Laying out his vision for the future, he said: "Among our key priorities, are first to improve the race, we have groups working with the teams and the FIA on costs, on the engines, on aerodynamics, on tracks and rules. Our goal is to make the races more competitive, the action even better, the wow factor even bigger and the business model better for us and the teams.

"There's broad agreement on the direction of these goals though there will obviously be different opinions about the details," he admitted. "We do not plan to negotiate in public but to work with the teams to finds the compromises that ultimately deliver a better sport to fans and benefits to all of us.

"We have the opportunity to take hundreds of millions out of the aggregate cost of this sport and actually deliver a more exciting and dramatic sport."

It has already been revealed that the prize money given to the teams fell by £31m ($41m) in the nine months to the end of September, with the prediction that this trend will continue for some time yet. And that's aside from the plan to cap the various bonuses paid to the likes of Ferrari, Mercedes, Red Bull and McLaren.

However, before that particular row has even begun, Ross Brawn has moved to allay the team's fears insisting that in the long run all will be for the best.

"We need to convince the teams not to throw the baby out with the bathwater," he said, according to BBC Sport. "There is a bigger discussion on the whole commercial side that needs to take place. That is going to be fierce and tough but we have the technical, commercial and cost-control sides of the sport to try to push forward.

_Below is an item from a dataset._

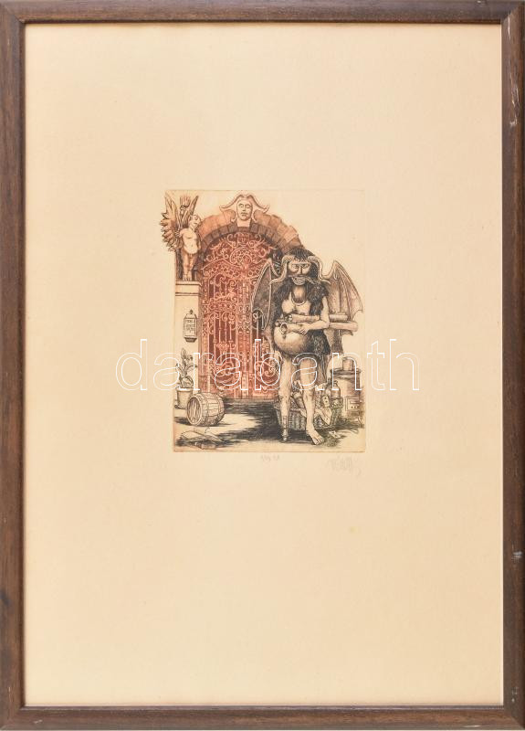 Vén Zoltán (1941- ): A kapu őrzője (cím nélkül). Színes rézkarc, papír...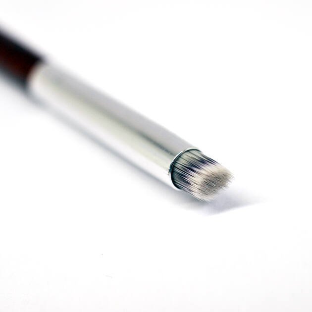 Cylindrical, bevelled, synthetic, very soft-haired decorative brush . It allows easy and even application of decorative pigment powders.

"If we spoil that because we are having this debate about the commercial side, we are foolish, because this makes the business better and more sustainable," he insisted.

"For many years, people were critical about the lack of development of F1 on the commercial side, social media, looking after the fans, all sorts of stuff. And now we are doing it, it is going to have a price. There will be an impact to make those investments and get the thing rolling and in my view that investment will pay off in the next few years.

"It will improve," he said. "We are conscious of the need to make sure the teams have more predictability of what the numbers are."

Good luck with that Ross.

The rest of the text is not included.